PITTSBURGH Alcohol, HIV link will be studied



Alcohol is the most common drug of abuse among people with HIV, according to a doctor.
PITTSBURGH -- The National Institute on Alcohol Abuse and Alcoholism granted $8 million to the University of Pittsburgh and the Pittsburgh Veterans Administration Medical Center to study how alcohol use and abuse interact with HIV infection and treatment.
"We know that alcohol and unprotected sex are common bedfellows. Alcohol use and abuse may be an important risk factor for HIV infection," said the study's principal investigator, Dr. Amy Justice of the University of Pittsburgh and Pittsburgh Veterans Affairs.
Alcohol is the most common drug of abuse among people infected with HIV, she said.
"Overuse of alcohol likely aggravates common related medical and psychiatric diseases such as hepatitis C and depression. Alcohol use may also decrease the benefit of HIV treatment by causing people to miss taking their medication and increasing the risk of treatment toxicity."
Control group: By involving veterans who are HIV-negative as the control group, the study will help to identify alcohol-related effects that are specific to aging people with HIV, and those that affect aging regardless of their HIV status.
The study's results will help physicians understand what level of alcohol consumption may be dangerous and will help them tailor treatment for all people who use alcohol.

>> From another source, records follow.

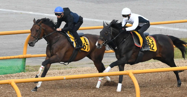 キルロード(左)は併せ馬で順調な仕上がりをアピール(撮影・三好信也)
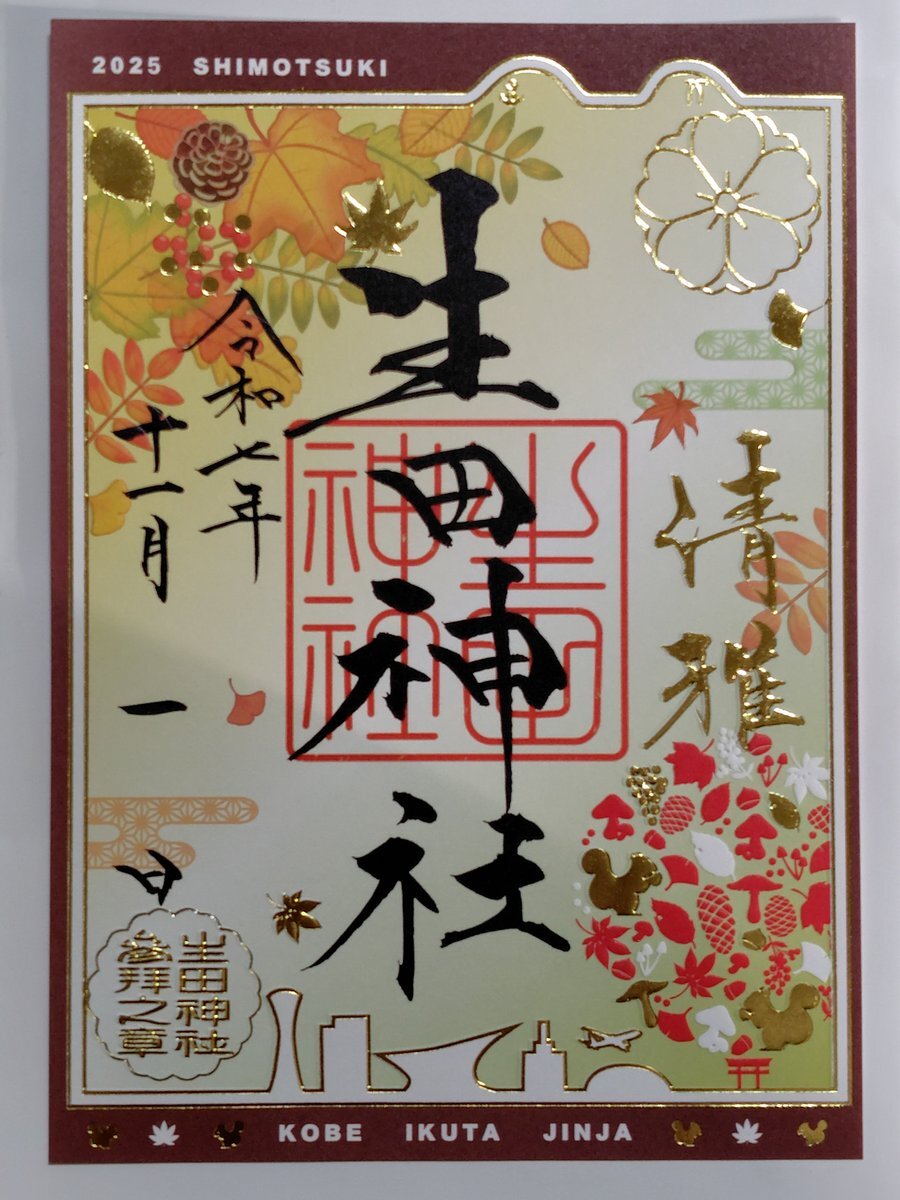 毎月の御朱印が素敵です💓 #生田神社 #御朱印 生田神社 11月の季節限定御朱印 秋から冬にかけてのデザインが登場 (Best Kobe)(Best Kobe 「神戸パラダイス」) u.lin.ee/v9LNSuU?mediad…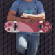 Cool retro 60s 70s vintage floral personalized skateboard design with simple magenta to pink monochromatic rainbow wave. With simple daisy pattern giving a cool groovy vibe. Original artwork by artist Catherine Sweetman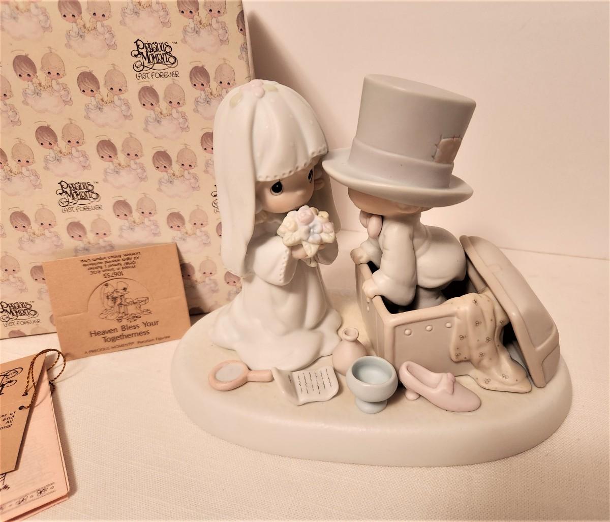 Precious Moments figurine, Bride and Groom - "Heaven Bless Your Togetherness" - comes with box and papers. Design #106755, 1987 - original price of 75.00. Good condition.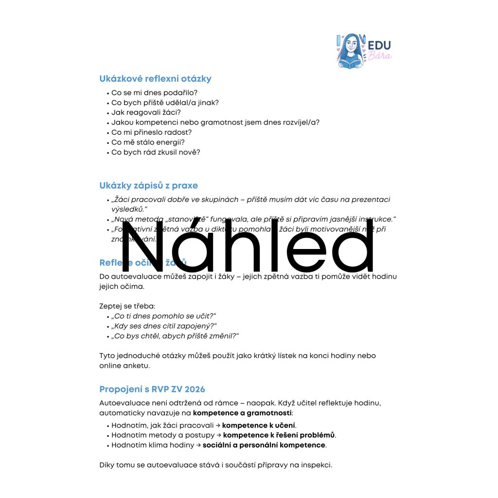 ukázky metod a nástrojů (dotazníky, hospitace, checklisty, reflexe),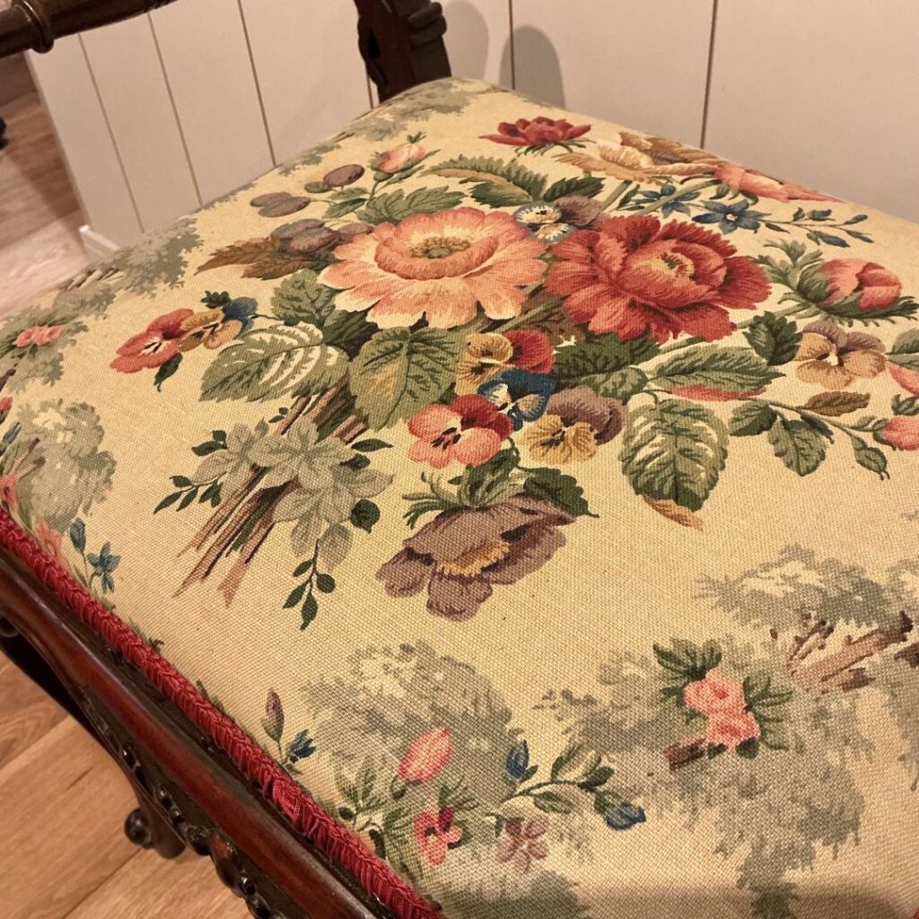 座面の華やかな生地がチェア本体の装飾とマッチして華やかです。
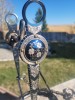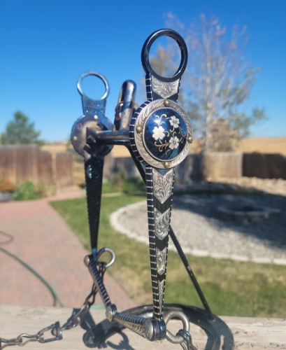Mike Anders Las Cruces Half Breed Bit. My husband had this built for me back in 2012. Beautiful bit, all hand made. Sterling silver and 14k gold inlays. Scroll work on inside of cheeks, staple is laid back just a bit to be more forgiving. Cricket has a lovely sound. Comes with the blued rein chains Mike also built to match.

Details: Justice and her co-principal investigator, Dr. Joseph Conigliaro, also of the University of Pittsburgh and the Pittsburgh VA, will lead the study of 2,000 HIV-infected veterans and 2,000 noninfected veterans from the VA facilities in Manhattan-Brooklyn, Bronx, Atlanta, Los Angeles and Houston.
Researchers will examine the impact of alcohol use and abuse on related diseases, drug toxicity, death, quality of life, treatment success, use of health care services and prescription drug use and adherence.
The VA's national electronic medical records system, which includes laboratory and pharmacy data and can track patient status over time, offers clear advantages for long-term study, Conigliaro said.
The national VA hospital system is the largest single provider of HIV service in the United States. In 2000 it treated some 18,000 HIV-infected veterans.